Lupita Nyong'o When I posted a picture on my Instagram of newly minted Academy Award winner Lupita Nyong’o giving her acceptance speech at Sunday night’s awards ceremony, I didn’t know or even suspect that there was any question about whether she was black. The photo was of a beaming Nyong’o holding up her award in triumph. Her speech—especially the part where she said, “No matter where you’re from, your dreams are valid”—moved me.

I, like many, had been rooting for her to win an Oscar as soon as the credits rolled on 12 Years a Slave. To me, Nyong’o’s win—and she said as much in her speech—was a win for black girls, black women and women of all colors everywhere.

I like the actress so much, I started referring to her as “Our Lady Lupita.” And I said so in thatInstagram caption, which read, “Black Girl Magic! Get you some. Congrats to Our Lady @lupitanyongo on her Oscar win!” Innocent enough, right?

Promptly, a follower responded, “Actually, she’s Mexican.” It was said as if Nyong’o couldn’t be black and Mexican at the same time. For anyone who is confused by this, I point you toward two documentaries, The Forgotten Roots and African Blood, which show that the Diaspora extends to Mexico, too.

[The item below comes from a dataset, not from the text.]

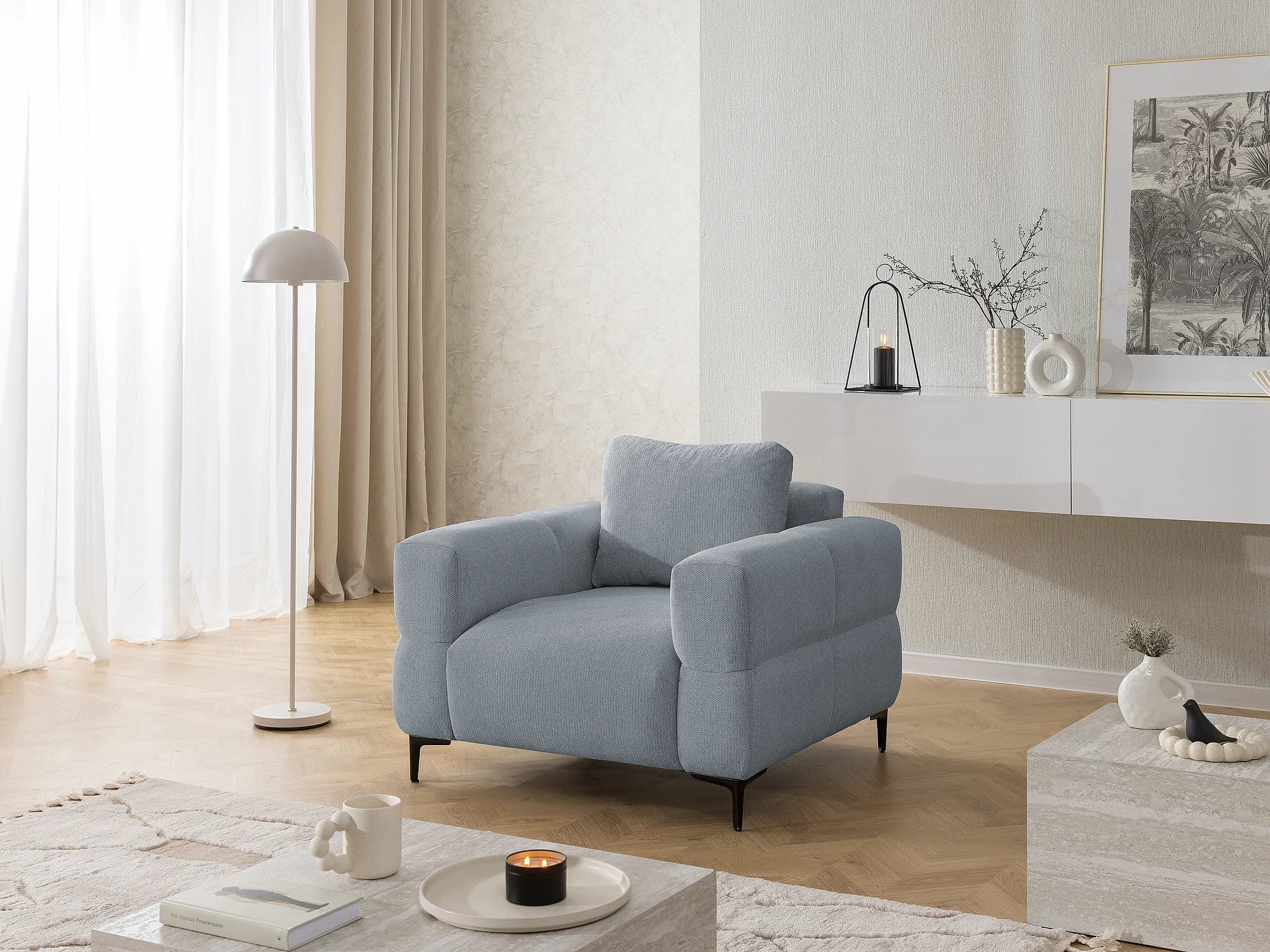 Fauteuil au design bubble en tissu texturé doux de couleur gris, offrant un grand confort d’assise CARDEA

But back to Nyong’o. Her father was a Kenyan professor who was teaching in Mexico when she was born. She also returned to the country when she was a teenager. Calling her Mexican isn’t technically inaccurate. But it’s not the whole story. She’s also Kenyan because both her parents are and because she was raised in Kenya.

And she’s black because—and I can’t believe I have to explain this—look at her. The deep-brown complexion, the wonderfully kinky hair and the full lips all fit the phenotype of the people colloquially called “black.” For me, that makes Nyong’o unquestionably a black woman, even if she hasn’t always felt that way.

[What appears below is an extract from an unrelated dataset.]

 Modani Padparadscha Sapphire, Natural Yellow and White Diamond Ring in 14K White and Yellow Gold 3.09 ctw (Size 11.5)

“Having come to the United States was the first time that I really had to consider myself as being black and to learn what my race meant,” Nyong’o told Vogue. “Because race is such an important part of understanding American society.”

Not everyone defines “black” the same way. For some, it’s a race that extends across nationalities—i.e., the African Diaspora. For others it’s a way to describe the unique experience of African Americans. The people who fall into the “Lupita’s not black” camp are usually thinking of culture.

Then there are those who place nationality above everything else, which make them consider her Mexican-ness or Kenya-ness only. Nyong’o claims both, saying on the red carpet, “I am Mexican and Kenyan at the same time. I have seen that they are fighting over my nationality, but I insist I am Mexican Kenyan, and I am fascinated by tacos with roasted meat.”

But perhaps there’s something else at the root of this drive to define what Nyong’o really is. It seems that whenever a black woman is recognized for her beauty in America, there’s often a clamor to make her “other” or “exotic,” as if being “just” black isn’t good enough. There always has to be something more that explains why she’s considered a “great beauty.”